Bettina Steinbrugger, geboren 1984, beschäftigte sich schon während des Studiums intensiv mit dem Thema Nachhaltigkeit und co-gründete 2011 die »erdbeerwoche« – das erste Social Business zu nachhaltigen Periodenprodukten. Das Unternehmen gewann viele Preise und ist bis heute erfolgreich. Die Mission ist, das Thema Menstruation positiv zu besetzen und vor allem junge Menschen bei einem selbstbestimmten, gesunden und nachhaltigen Umgang mit dem Zyklus zu unterstützen.
PROLOG
Es war ein warmer Tag im Mai 2015, als wir den Zug am Wiener Hauptbahnhof bestiegen. In unserem Gepäck befanden sich nur unsere Laptops und Handys – schließlich sollte unser Ausflug nach Graz nur ein paar Stunden dauern. Wir waren auf dem Weg zu einem sogenannten Start-up-Pitch – lange bevor dieser Begriff durch sämtliche Fernsehsendungen und die sozialen Medien geisterte. So ganz wussten wir selbst nicht, was wir da eigentlich tun sollten. Wir hatten uns mit unserem Unternehmen erdbeerwoche mit ein paar Klicks für einen Jungunternehmerwettbewerb angemeldet, ohne uns genau darüber zu informieren, was wir dafür eigentlich leisten mussten. Der ausgeschriebene Gewinn hatte uns einfach angelacht: mehrere Tausend Euro in Form von Mediavolumen, also Gratis-Werbung für unser noch so junges Projekt. Da wir gerade knapp bei Kasse waren, kam dieser Wettbewerb wie gerufen – und kaum, dass wir uns versahen, waren wir als eines von zehn nominierten Start-ups zum großen Finale und Live-Pitch vor 2 000 Menschen geladen. Erstmals sollte unsere Idee einem größeren Publikum vorgestellt werden. Das einzige Problem dabei: Bei unserem »Produkt« handelte es sich nicht um ein hippes, neues Lifestyle-Getränk, sondern um eines der letzten Tabuthemen unserer Zeit: die weibliche Periode.
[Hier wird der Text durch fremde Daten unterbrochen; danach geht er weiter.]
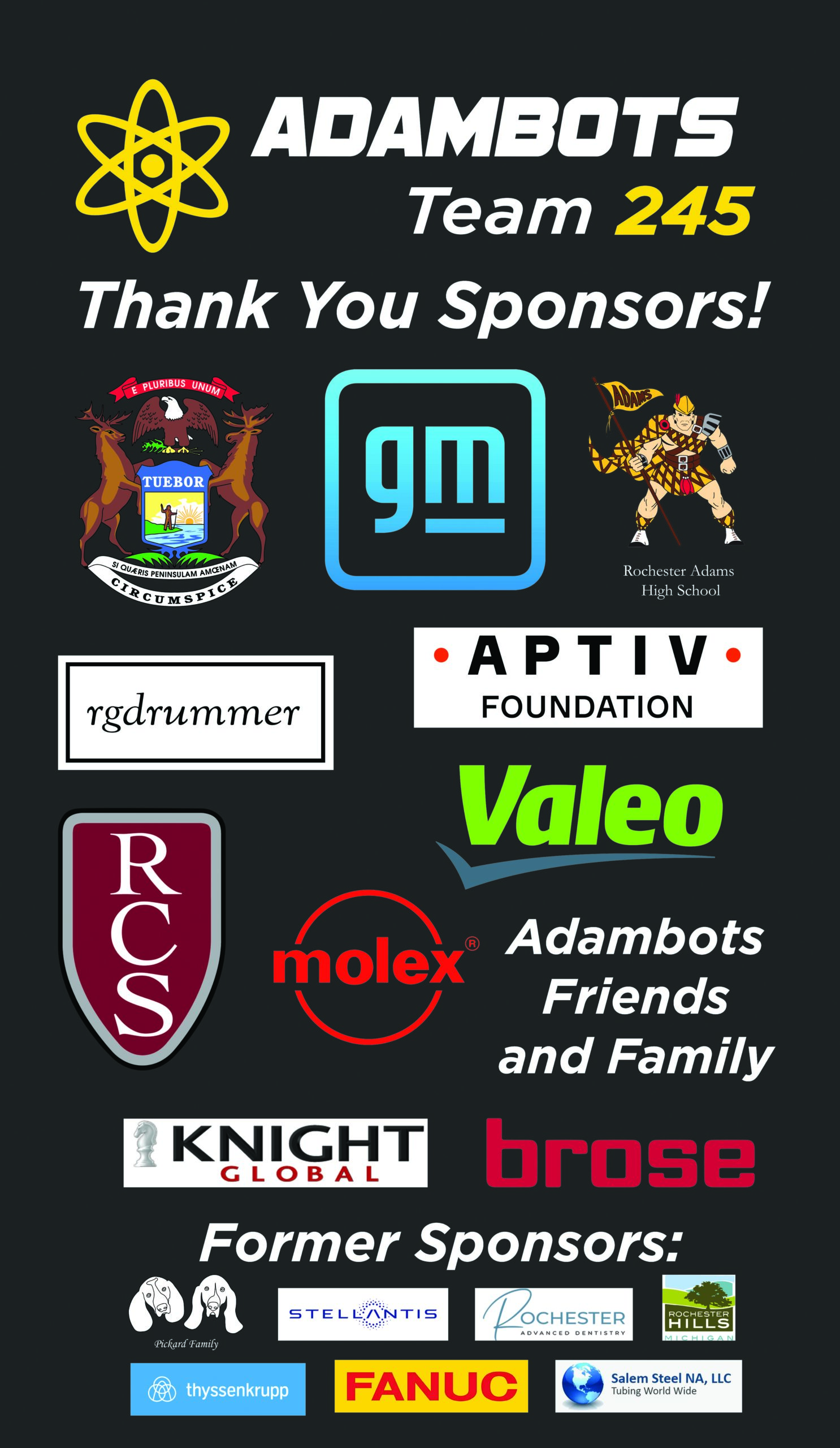 We’d like to thank past Sponsors for their support. Including: Valeo Thermal Systems, JTEKT, DoD Stem, Emagine Entertainment, Newmak, Bosch, DTE Energy, Jim Michlas, Karen Bennett, and Siemens VDO.
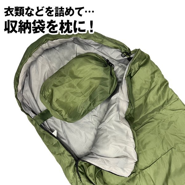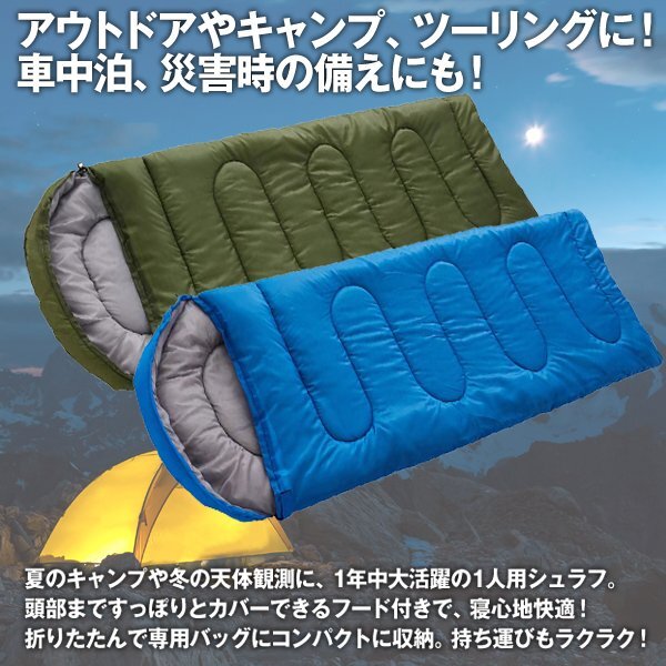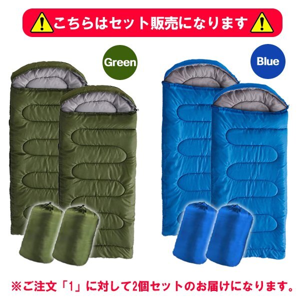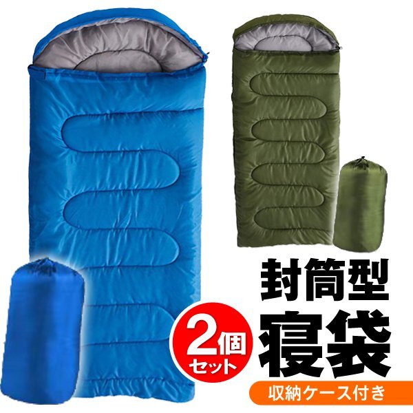 【2個セット】全長210cm BIGサイズ 寝袋 シュラフ 2枚 封筒型 防災 キャンプ アウトドア 車中泊 送料無料- 100S◇ 寝袋HD2個:グリーン

Wir hatten keine Zeit gehabt, unseren Pitch vorzubereiten, und wussten nur, dass der Kurzvortrag genau drei Minuten dauern sollte, keine Sekunde länger, und dass wir eine PowerPoint-Präsentation verwenden durften. Also saßen wir im Speisewagon des Schnellzugs 350 und grübelten darüber nach, wie wir das, was uns am Herzen lag – die Enttabuisierung der Menstruation und die Verbreitung nachhaltiger Periodenprodukte – in drei Minuten so rüberbringen konnten, dass erstens niemand aus dem Publikum schreiend den Saal verlässt, zweitens möglichst alle anwesenden Frauen sofort unsere Seite googeln und in unserem Onlineshop etwas bestellen und drittens wir diesen verdammten Pitch gewinnen und uns die Gratis-Werbung holen, die wir so dringend benötigten.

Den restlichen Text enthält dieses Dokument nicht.